The Venice Architecture Biennale this year gives top billing to U.K. architects, starting with David Chipperfield.
The man best known for his work on Berlin’s Neues Museum is steering the event. Norman Foster and (Baghdad-born, London-based) Zaha Hadid also have notable displays.
The central exhibition, designed by Chipperfield, is titled “Common Ground” to stress teamwork over self-centeredness.
Chipperfield said the theme was “to encourage my colleagues to react against the prevalent professional and cultural tendencies of our time that place such emphasis on individual and isolated actions.”
Foster -- architect of London’s Gherkin tower -- has a dim, immersive display called “Gateway” in the Arsenale’s first gallery. Names of generations of architects, critics and designers slither across the floor in moving projections. Images of the world’s landmarks, slums and protest sites flash across wall-to-wall screens.
In the central exhibition, Foster has another room devoted to his Hongkong and Shanghai Bank tower, completed in 1985 in Hong Kong. Surrounding a maquette of the building are an Andreas Gursky photo of it and a Ben Johnson painting.
Hadid shows “Arum” (2012), a huge funnel-shaped pleated-metal sculpture inspired by Frei Otto, architect of the 1972 Munich Olympic arena.
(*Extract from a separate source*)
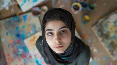 The close up picture of the woman is looking at camera inside her workshop that has been filled with various colourful colour on her background, the artist require creativity and art technique. AIG43.
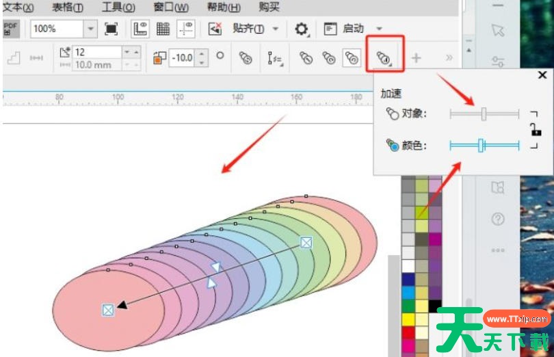 选中调和对象,点击属性栏中的 “对象和颜色加速” 按钮(图标为两个滑块)。在弹出的面板中,拖动 “颜色” 滑块调整渐变强度。

The Biennale is held within walking distance of St. Mark’s Square. Exhibitions are inside the “Corderie dell’Arsenale,” once Venice’s naval ropemaking workshops, and the lush Giardini gardens, where countries have age-old permanent pavilions.
At the U.S. pavilion, an exhibition called “Spontaneous Interventions” displays examples of architects, designers and citizens taking over derelict spaces to make them more sustainable, creating urban farms and new bike lanes.
Director Wim Wenders -- whose documentary “Pina” focused on the late German choreographer Pina Bausch -- shows the austere Swiss architect Peter Zumthor in a short movie.
The 13th Venice Architecture Biennale runs through Nov. 25, 2012. The event is held every other year, alternating with the Art Biennale.
(Farah Nayeri writes for Muse, the arts and culture section of Bloomberg News. The opinions expressed are her own.)